In comparison, predicted water content using soil hydraulic parameters determined by Rosetta are shown in Fig. 4. These data show the piston front to be significantly behind the measured data (combined data from column Set A and B) especially when the water content at −33 and −1,500 kPa are included in the model. Removal of the FeO before determining the sand, silt, and clay content did not improve the predictions of water retention parameters or saturated hydraulic conductivity. Deriving the water retention parameters and saturated hydraulic conductivity with Rosetta, values that use PTFs to predict the Van Genuchten parameters, produced significant inaccuracies in the predictions (see Fig. 4). In these experiments they are certainly less accurate than parameters derive from inverse modelling (Fig. 3).

The predicted NO₃^– distribution is shown in Fig. 3B. The measured and predicted NO₃^– distributions were compared from both Set A (27–70 min) and Set B (80 and 320 min) because the NO₃^– distribution was not used in the inverse optimisation. The good prediction of NO₃^– distribution by the two parameter sets, when the Langmuir isotherm parameters were included in the simulations, is confirmed by the R² and RMSE values (Table 4). Due to the inaccuracy of water content prediction using Rosetta, no NO₃^– data are presented.

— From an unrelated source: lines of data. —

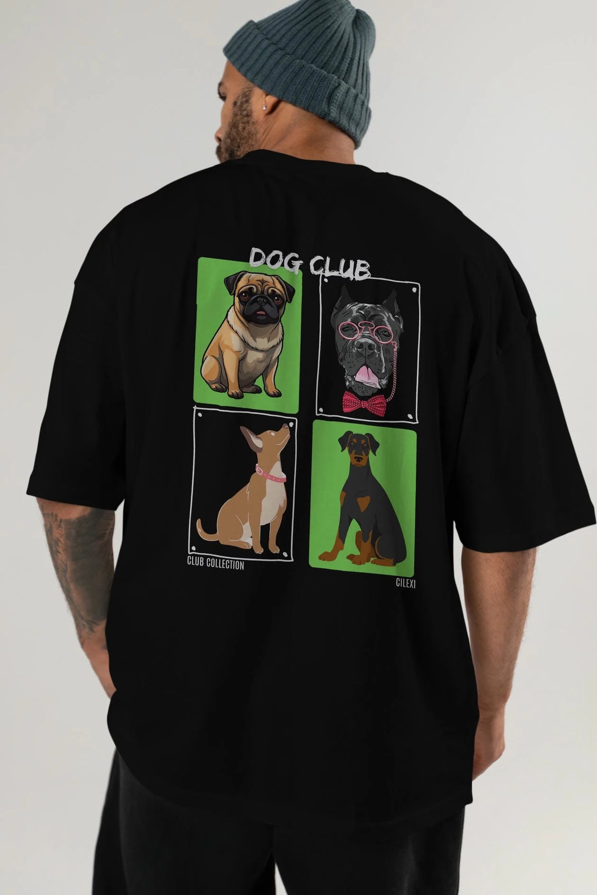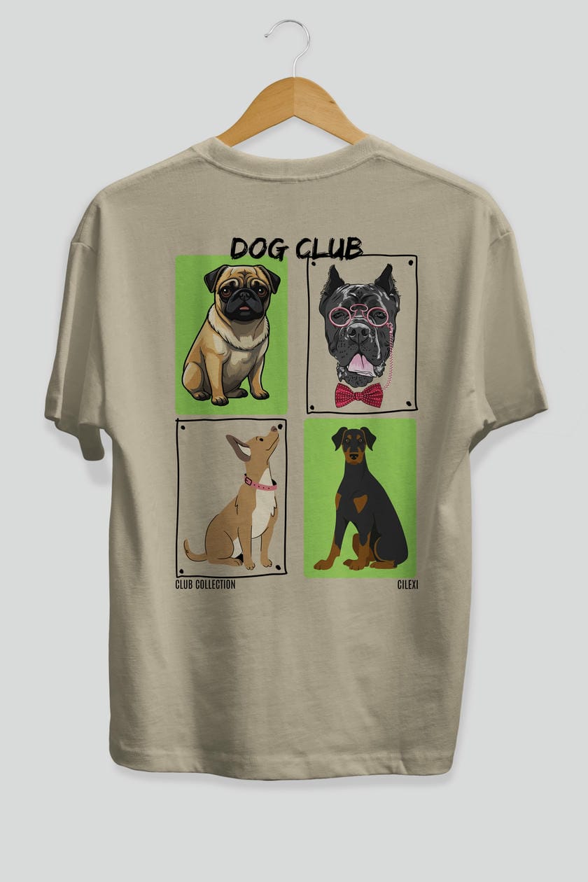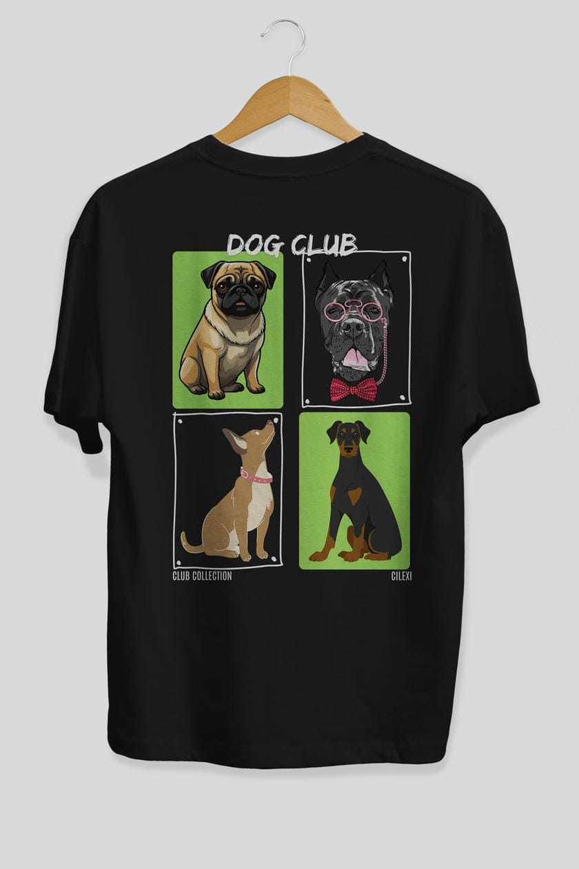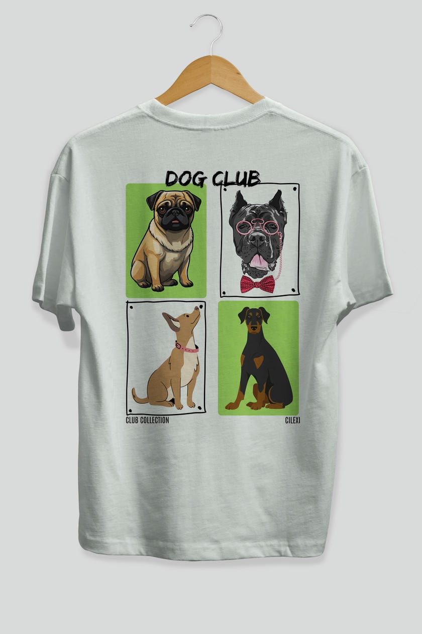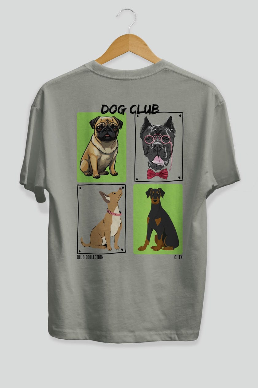 Dog Club Arka Baskılı Oversize t-shirt Erkek Kadın %100 Pamuk Bisiklet Yaka tişort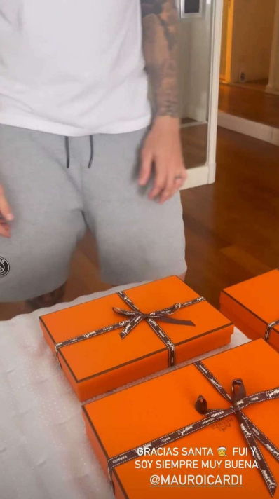 Durante Nochebuena, Mauro Icardi dejó varios regalos en el arbolito con el nombre de Wanda Nara, que luego del brindis de Navidad se acercó para saber qué eran. El futbolista la sorprendió con seis cajas de Hermès, su marca favorita.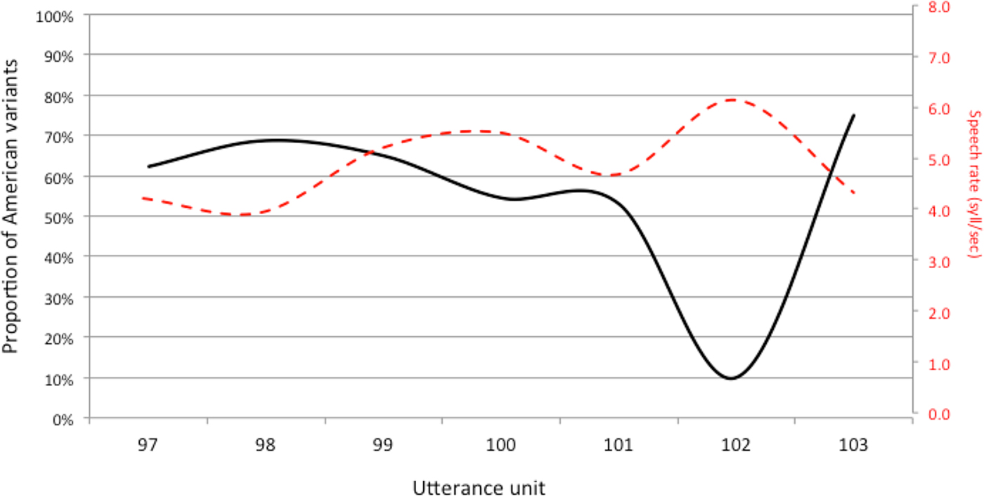 Figure 6 shows Zakaria's LFI profile for this segment. (The accompanying increase in speech rate is discussed later.) At the point of his persuasive shift in lines 24–26, Zakaria's use of IndE increases rather than decreases. He shifts in the same direction as he did with an Indian audience, as predicted by attention, not in the reverse direction, as predicted by audience design. The interpretation of this as an attentional effect is supported by a number of further details from the data, discussed next.

Model validation using 3D wedge infiltration

The predicted distributions of water and NO₃^– throughout the soil wedge after the two irrigation scenarios are shown in Fig. 5. This figure also shows the positions of horizontal and vertical transects presented in Figs. 6 and 7. These figures show the agreement between the measured and predicted water and NO₃^– profiles in the wedge. Comparisons of the RMSE and R² calculations indicated that both the Fit All and Set Measured parameter sets predicted very similar distributions, although the Fit All parameters produced slightly better predictions of NO₃^– distribution in the longer irrigation scenario. The measured RMSE, calculated from columns where duplicate measurements were taken at identical times and locations, were similar to the RMSE of the predicted values (Table 5). This indicates that the errors between the measured and predicted values were very similar to the errors of replicate measurements at identical points and times in the wedge experiments. The predictions achieved using the two parameter sets were therefore considered to be suitable to estimate water and NO₃^– distribution in the point-source flow scenario of the wedge column. The “Set Measured” parameters are preferred because there is less auto correlation between the fitted parameters (α, n, l).